_HOW TO COMPLETE THIS TASK:_ Your job with the data below: print everything from the line that holds "2、模组改造需要的材料是逐递" down to the line that holds "Sweese Porcelain Espresso", ends included, exactly, and nothing else.

_THE DATA:_
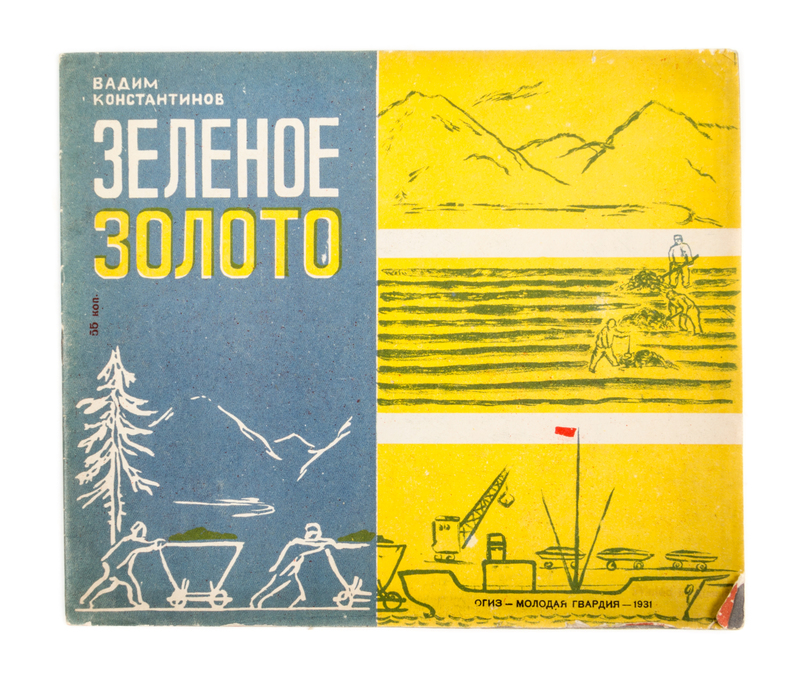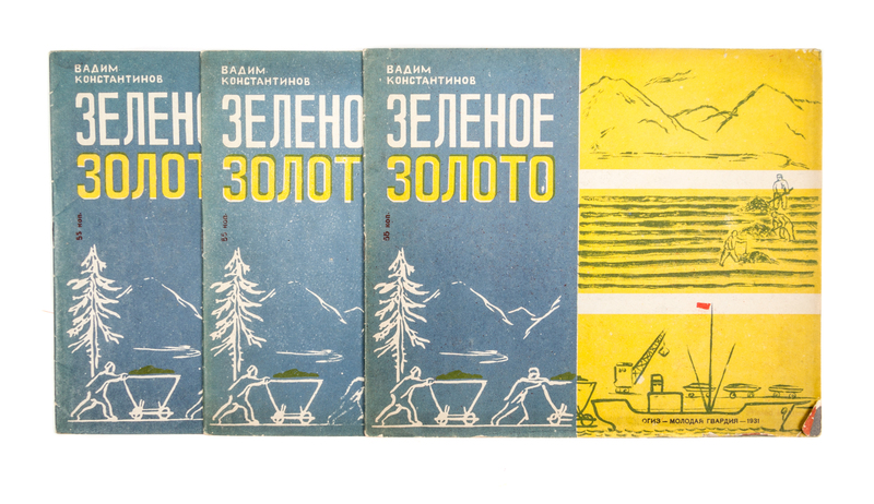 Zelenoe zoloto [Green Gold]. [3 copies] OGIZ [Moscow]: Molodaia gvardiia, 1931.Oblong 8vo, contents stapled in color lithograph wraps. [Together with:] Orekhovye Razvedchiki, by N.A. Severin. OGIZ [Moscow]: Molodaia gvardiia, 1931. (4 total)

--

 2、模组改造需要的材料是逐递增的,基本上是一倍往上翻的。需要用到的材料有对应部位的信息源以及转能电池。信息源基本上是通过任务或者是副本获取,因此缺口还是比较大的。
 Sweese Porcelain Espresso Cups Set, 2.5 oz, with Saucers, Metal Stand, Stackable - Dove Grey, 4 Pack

_SOLUTION TO THE EXERCISE:_
 2、模组改造需要的材料是逐递增的,基本上是一倍往上翻的。需要用到的材料有对应部位的信息源以及转能电池。信息源基本上是通过任务或者是副本获取,因此缺口还是比较大的。
 Sweese Porcelain Espresso Cups Set, 2.5 oz, with Saucers, Metal Stand, Stackable - Dove Grey, 4 Pack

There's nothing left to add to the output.